Zarin makes a case for differentiating Eliasson from his predecessors Irwin and Turrell by stating that, “Like them, he is interested in light, to which he adds a preoccupation with what he calls ‘the intersection of nature, science, and human perception.’” She goes on to say that “unlike those artists, who tend to draw the viewer’s attention to natural phenomena—Turrell’s ‘sky spaces, for example, showcase the open sky—Eliasson consistently uses mechanical artifice to create his effects….” This is absolutely not true. The work of Irwin and Turrell pioneered this “intersection of nature, science, and human perception,” making it possible for Eliasson to expand upon it, which Eliasson fully acknowledges. Further, Irwin and Turrell have done plenty of work using only mechanical means (the effect of light on scrim, to name just one example), just as Eliasson is equally involved in working with natural phenomena—as seen in a later paragraph where he says, “I want to plant flowering trees around the pool. For one week in May the petals will drop and cover the water.”

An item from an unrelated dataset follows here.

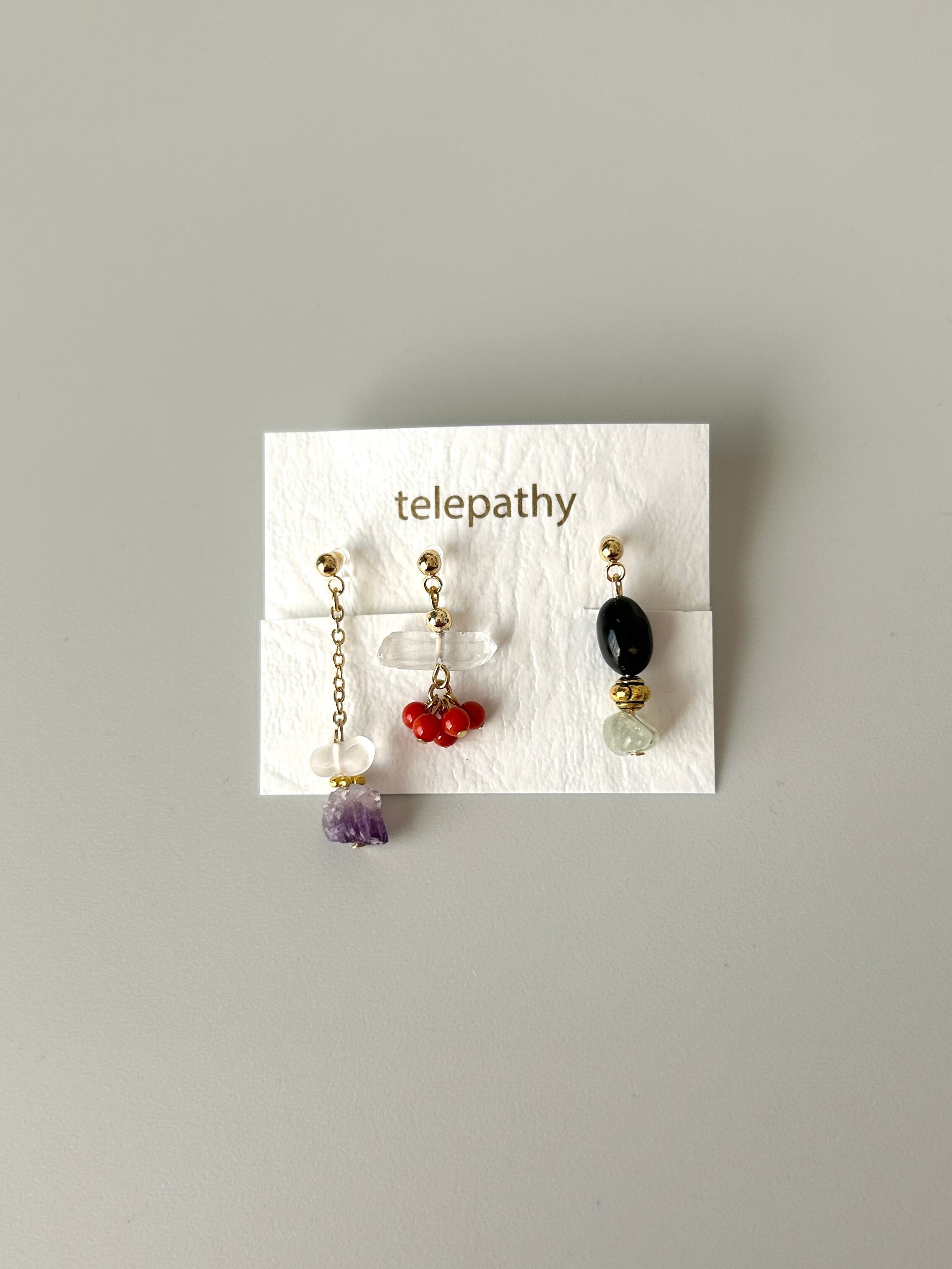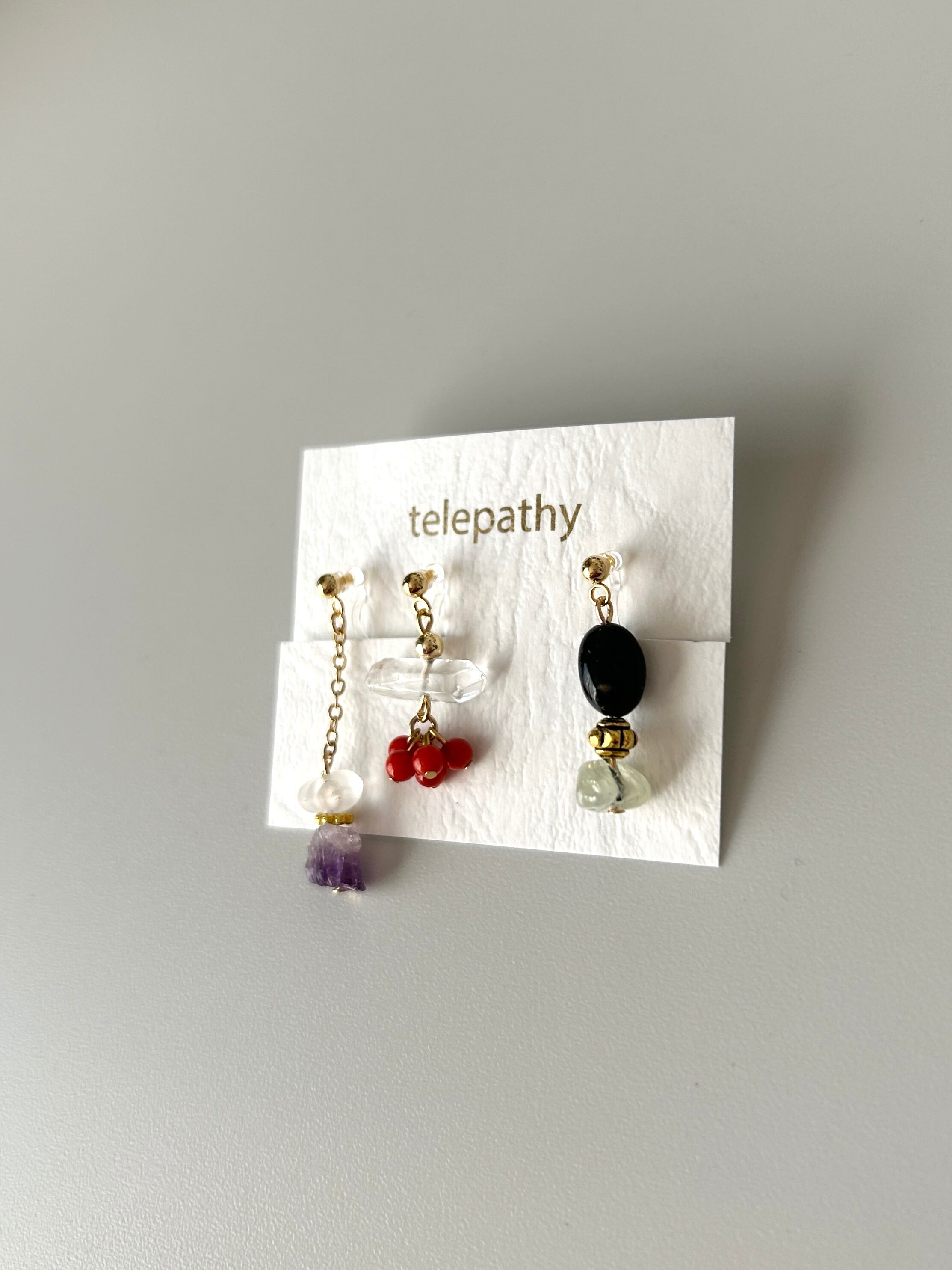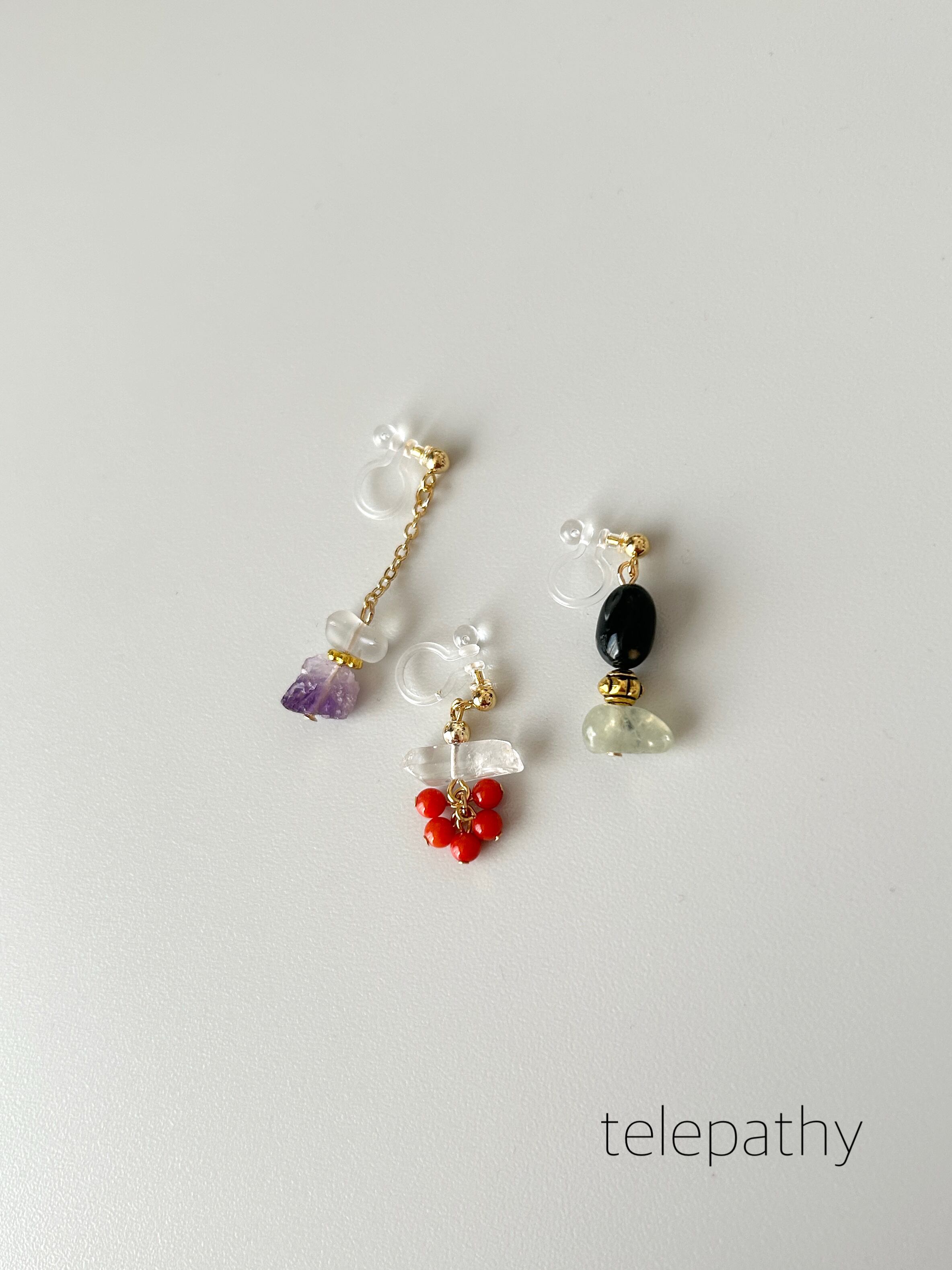 天然石アシンメトリー樹脂ノンホールピアスセット

In an art world short on meaningful dialogue, where personality and process often masquerade as art, the subject of Olafur Eliasson and his work offers a unique opportunity to marry the personal with the profound and present a significant discussion on the nature of art. Since I’m sure it will be a long while before Eliasson’s work is again discussed so thoroughly in these pages, I regret that the opportunity was missed.
How can you write about Robert Irwin and not be aware of his scrim pieces? Or, for that matter, about Eliasson and not know he'd turned rivers green? I could have gone on, to comment on how Zarin says, “Eliasson invites comparison to Buckminster Fuller, with whom he shares an interest in the aesthetics and the utility of mathematic forms,” without saying where this influence comes from: his collaboration with Einar Thorsteinn, who was Fuller’s protégé. Although the stamp of Einar’s geometry is visible throughout Olafur’s work and they frequently share exhibition credit, Einar was not available for an interview when Zarin visited the studio...so he goes unmentioned? Not that Einar minded; he often says he likes “being famous for not being famous.” But it skews the picture to leave him out of an article that’s almost entirely about Olafur’s collaborative process.
There’s more but I’ll stop. If the article had been written by Calvin Tomkins (author of Duchamp, one of the best art biographies ever) or Peter Schjeldahl (who doesn’t write profiles, but if he did…) I’d be jealous. But that’s how I want to feel when I read The New Yorker.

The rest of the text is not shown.